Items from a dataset
● ● ● ● ●
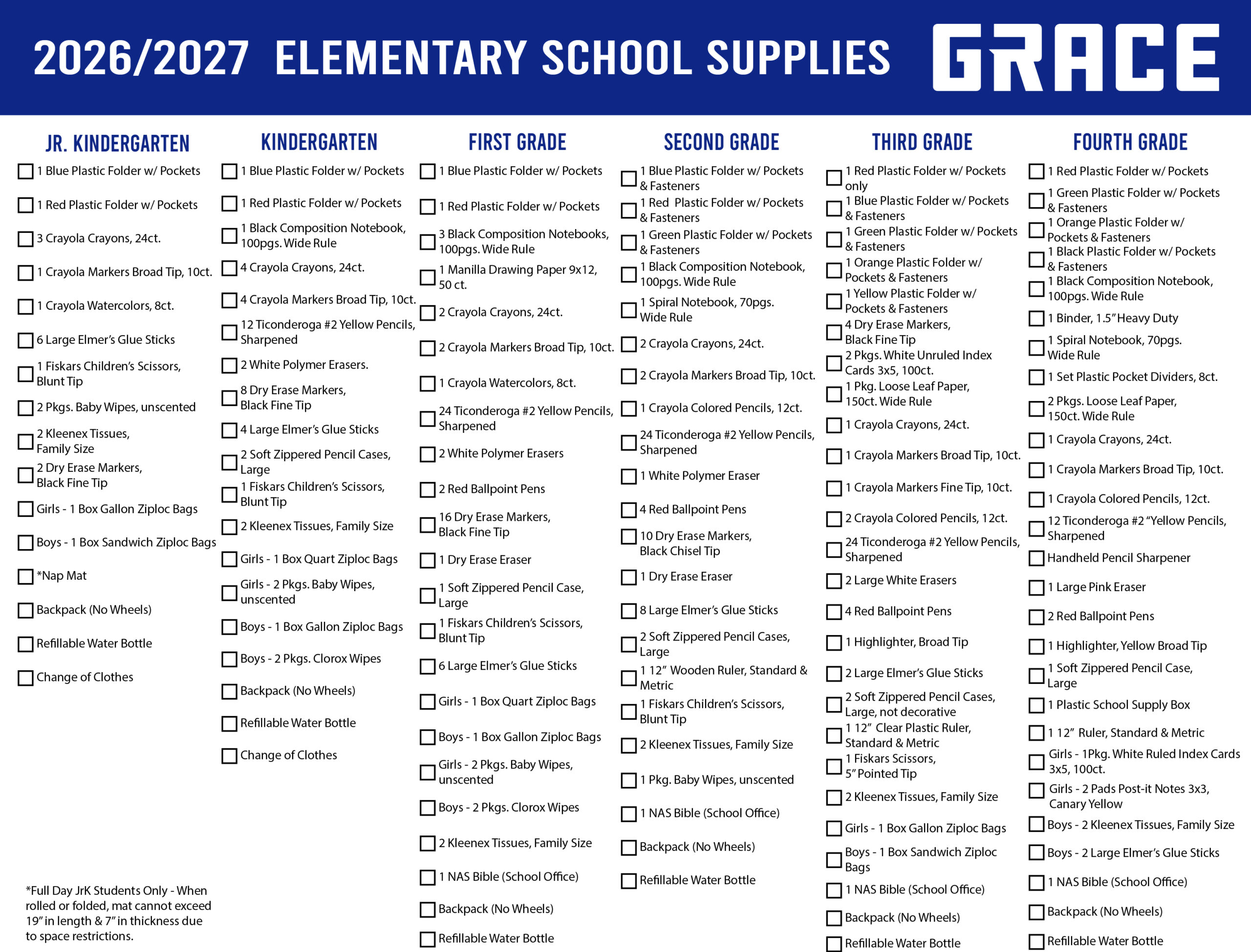- Supply lists for Elementary School, 5th & 6th Middle School, 7th & 8th Middle School, High School, and Grace U.
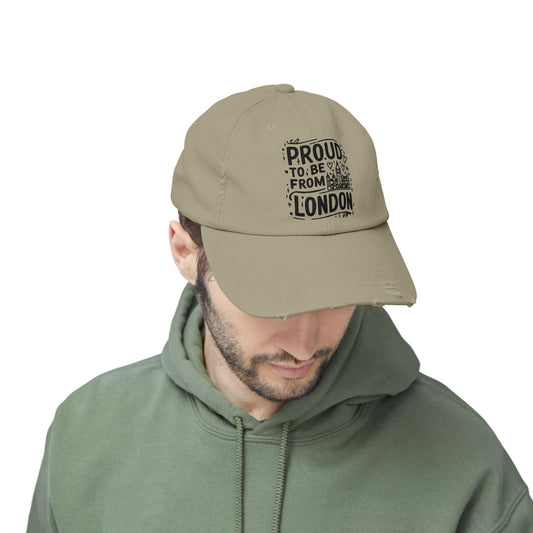 Proudly London Distressed Cap | Unisex Cap for Travelers, Fashionable Headwear, Gift for London Lovers, Casual Style, Summer Accessory
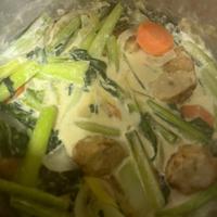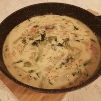 - 8 クリームソースの材料を入れ、ひと煮立ちさせたら、中火で3分程煮込みます。器に盛り付けて出来上がりです。
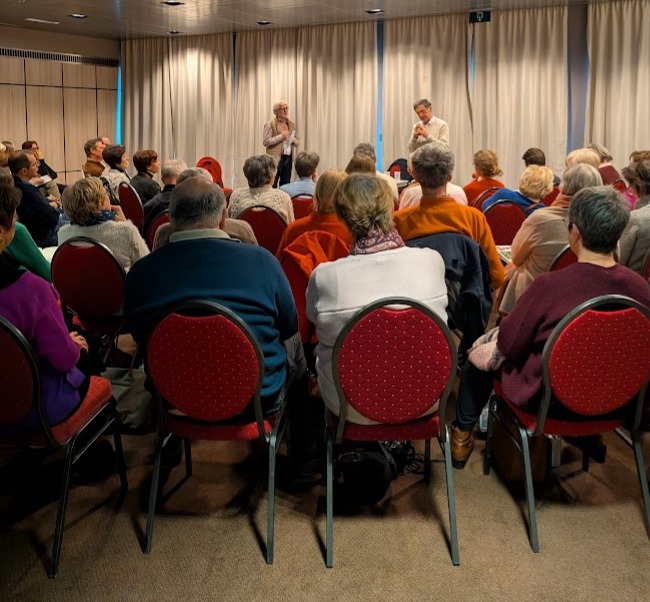Le samedi 14 février, dès 9h30, de nombreuses personnes se sont rassemblées pour assister à deux tables rondes. La première a réuni Gabriel Ringlet, prêtre et théologien, et Mireille Bavré, célébrante de spiritualité laïque. Interrogés par le diacre Paul Verbeeren, ils ont échangé sur le thème des rites, des fêtes et des célébrations. Qu’est-ce qu’une célébration ? Qui peut-être célébrant ? Telles étaient les questions posées aux deux intervenants.
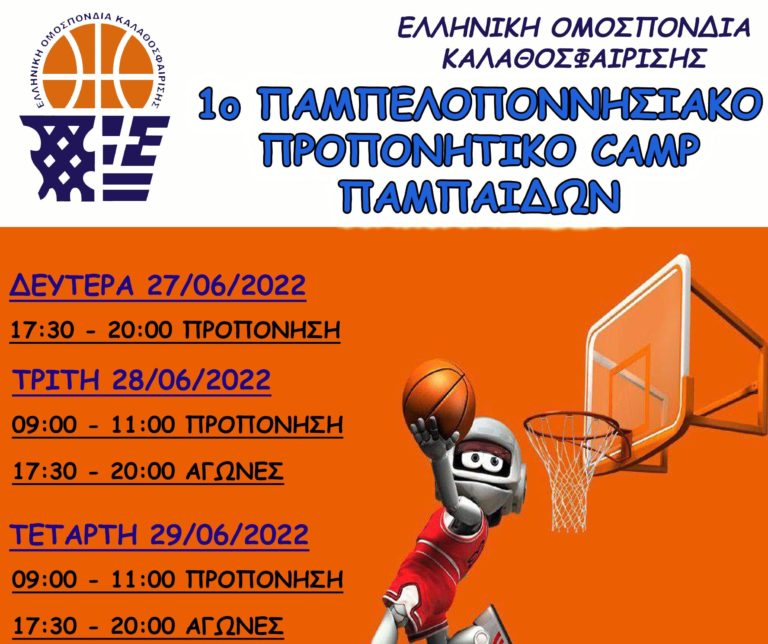 Στα πλαίσια του Αναπτυξιακού Προγράμματος της Ελληνικής Ομοσπονδίας Καλαθοσφαίρισης (Ε.Ο.Κ.), σε συνεργασία με τον Δήμο Μονεμβασιάς και την Ε.ΚΑ.Σ.ΚΕ.ΝΟ.Π., θα πραγματοποιηθεί στο κλειστό γυμναστήριο των Μολάων, το 1ο Παμπελοποννησιακό προπονητικό camp παμπαίδων, από σήμερα Δευτέρα 27 έως την Πέμπτη 30 Ιουνίου 2022.
● ● ● ● ●
# [What is being asked]
Each line from the one bearing "- 8 クリームソースの材料を入れ、ひと煮立ちさせたら、中火で3分程煮込みます。器に盛り付けて出来上がりです。" through the final line of the records is to be copied exactly, and no pictures are to be included.

# [Response]
 - 8 クリームソースの材料を入れ、ひと煮立ちさせたら、中火で3分程煮込みます。器に盛り付けて出来上がりです。
Le samedi 14 février, dès 9h30, de nombreuses personnes se sont rassemblées pour assister à deux tables rondes. La première a réuni Gabriel Ringlet, prêtre et théologien, et Mireille Bavré, célébrante de spiritualité laïque. Interrogés par le diacre Paul Verbeeren, ils ont échangé sur le thème des rites, des fêtes et des célébrations. Qu’est-ce qu’une célébration ? Qui peut-être célébrant ? Telles étaient les questions posées aux deux intervenants.
 Στα πλαίσια του Αναπτυξιακού Προγράμματος της Ελληνικής Ομοσπονδίας Καλαθοσφαίρισης (Ε.Ο.Κ.), σε συνεργασία με τον Δήμο Μονεμβασιάς και την Ε.ΚΑ.Σ.ΚΕ.ΝΟ.Π., θα πραγματοποιηθεί στο κλειστό γυμναστήριο των Μολάων, το 1ο Παμπελοποννησιακό προπονητικό camp παμπαίδων, από σήμερα Δευτέρα 27 έως την Πέμπτη 30 Ιουνίου 2022.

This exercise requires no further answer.